Seven additional states—California, Colorado, Michigan, Mississippi, Nebraska, Tennessee and Virginia considered, but have not passed, legislation to limit the use of solitary confinement in detention facilities in 2016. Colorado’s bill would prohibit restraint or seclusion from ever being used as a disciplinary sanction. If seclusion is used for an emergency, a staff member would have to check on the youth at least every 15 minutes. In addition, staff would have to receive written approval from a director for seclusion lasting longer than an hour.

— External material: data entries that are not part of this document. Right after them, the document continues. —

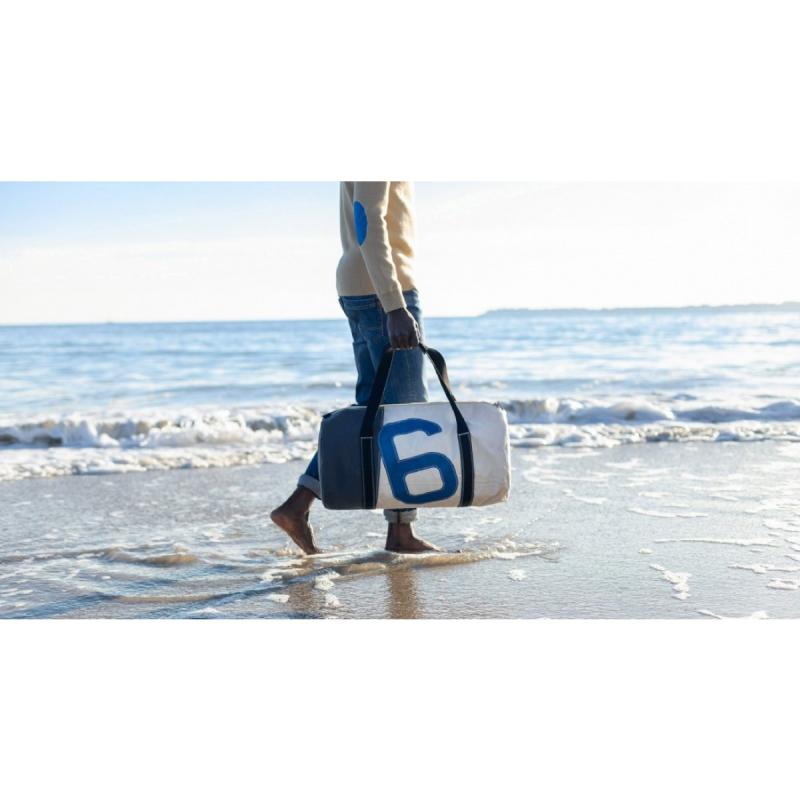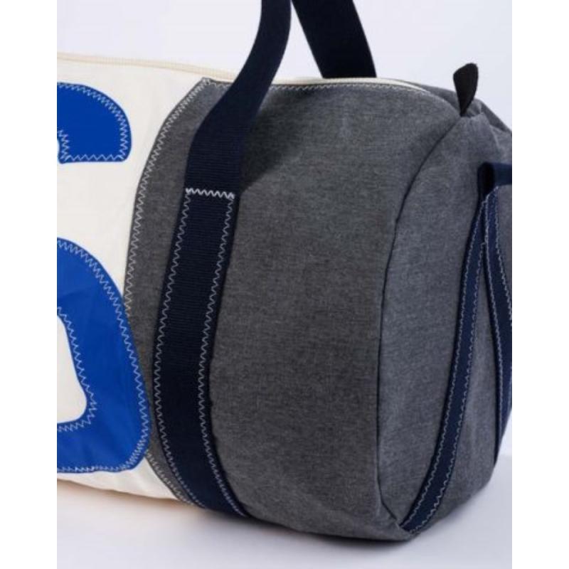 Upptäck Duffelväska Onshore Navy Blue, en mångsidig väska perfekt för weekendresor, sportaktiviteter eller ditt dagliga äventyr. Tillverkad från återvunnet segelduk från kryssningsfartyg som seglat över Atlanten, bär varje väska en unik historia.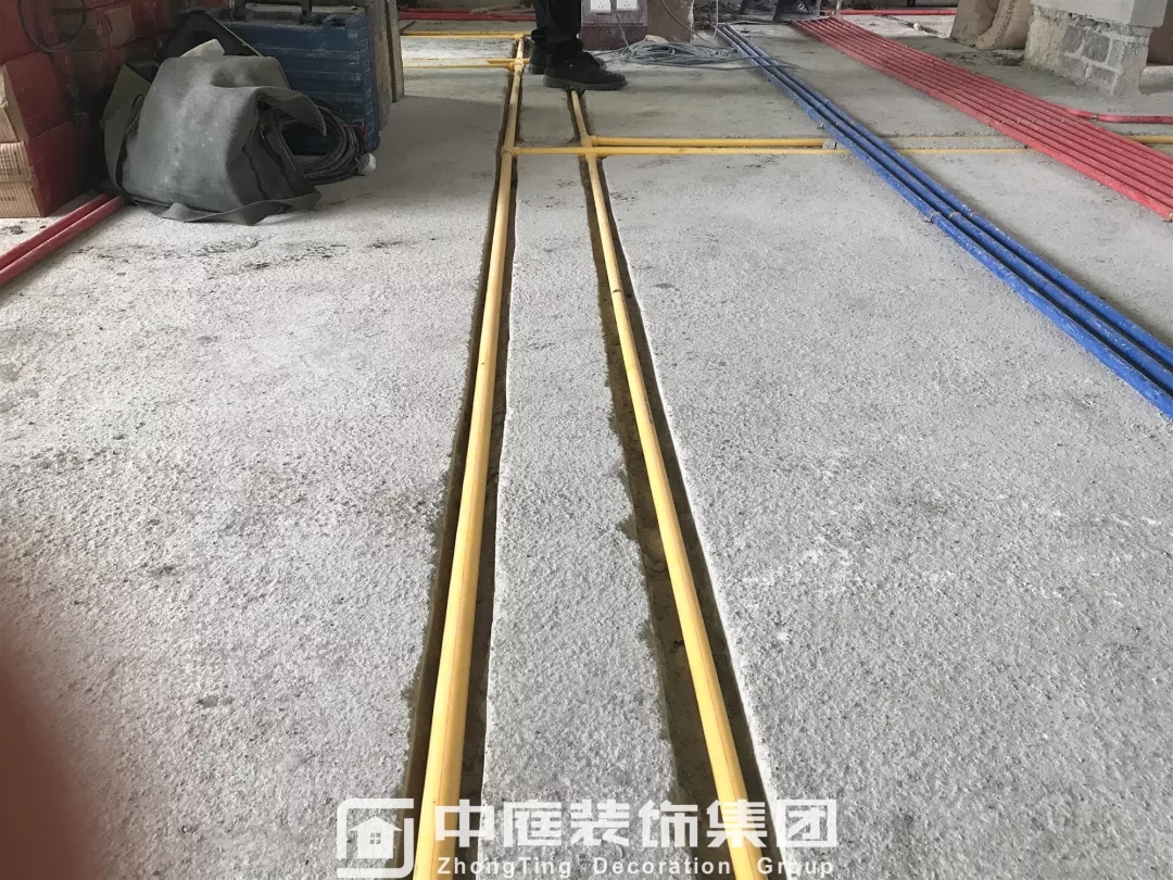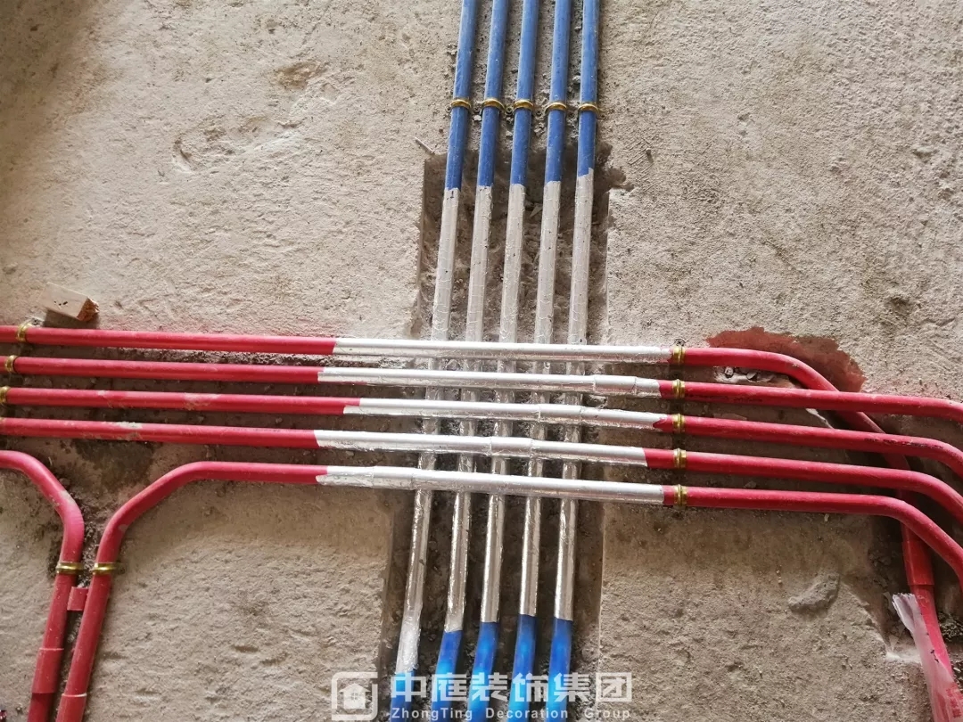 施工現(xiàn)場(chǎng)線管鋪設(shè)橫平豎直,按照集團(tuán)施工規(guī)定使用鐵皮卡扣固定,管和管之間留有足夠縫隙,以便鋪設(shè)地磚時(shí)水泥砂漿進(jìn)入管下,避免地磚后期出現(xiàn)空鼓;強(qiáng)弱電交匯處,用錫紙包裹保護(hù),可以有效防止對(duì)弱電產(chǎn)生信號(hào)干擾。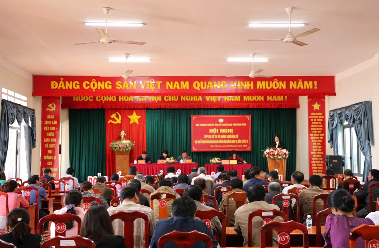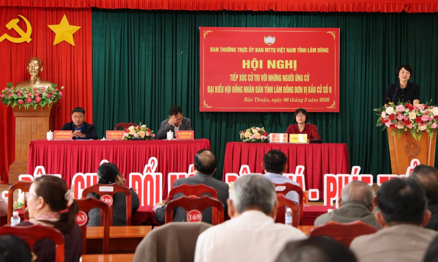 Bà Phạm Thị Phúc, Phó Bí thư Tỉnh ủy, Chủ tịch Ủy ban MTTQ Việt Nam tỉnh Lâm Đồng, trình bày chương trình hành động trước cử tri xã Bảo Thuận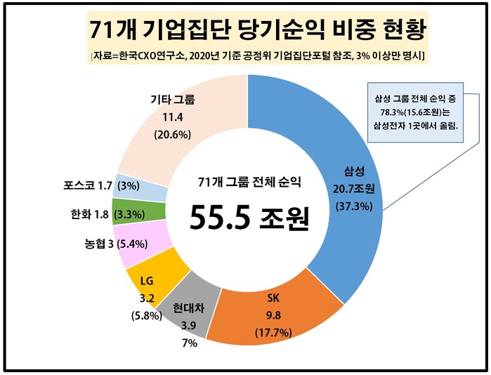 당기순이익은 삼성그룹이 20조 7000억 원 규모를 기록해 조사 대상 중 37%에 달하는 비중을 차지했다. 이 중 75%는 삼성전자가 벌어왔다.

The limits and restrictions on solitary confinement vary between the states that have laws in place. The New Jersey law prohibits “room confinement” for more than two consecutive days for 15-year-olds, three days for those up to age 17 and five days for those 18 and older. In Oklahoma, solitary confinement is only used in emergency situations when the child is out of control, an immediate danger to him/herself and others, and a less restrictive method has failed. Connecticut law prohibits any child at any time from being held in solitary confinement, but allows the periodic use of seclusion—a short-term emergency intervention—as long as the young person is checked every 30 minutes.

Federal Action

At the federal level, a bipartisan group of senators introduced the Sentencing Reform and Corrections Act in October 2015 that, for the first time in decades, proposes significant changes to federal criminal and juvenile justice laws. If passed, it would limit the use of solitary confinement to situations in which the young person poses a serious and immediate threat of physical harm—and then only for periods of no more than three hours. The bill passed out of the Senate Judiciary Committee in October 2015 and the committee issued a report to the full chamber recommending that the bill be considered further.

President Barack Obama announced in January 2016 that the United States would ban the use of solitary confinement to punish juvenile offenders in federal jails. The policy is part of a series of reforms aimed at reducing the use of solitary confinement for all age groups in federal prisons.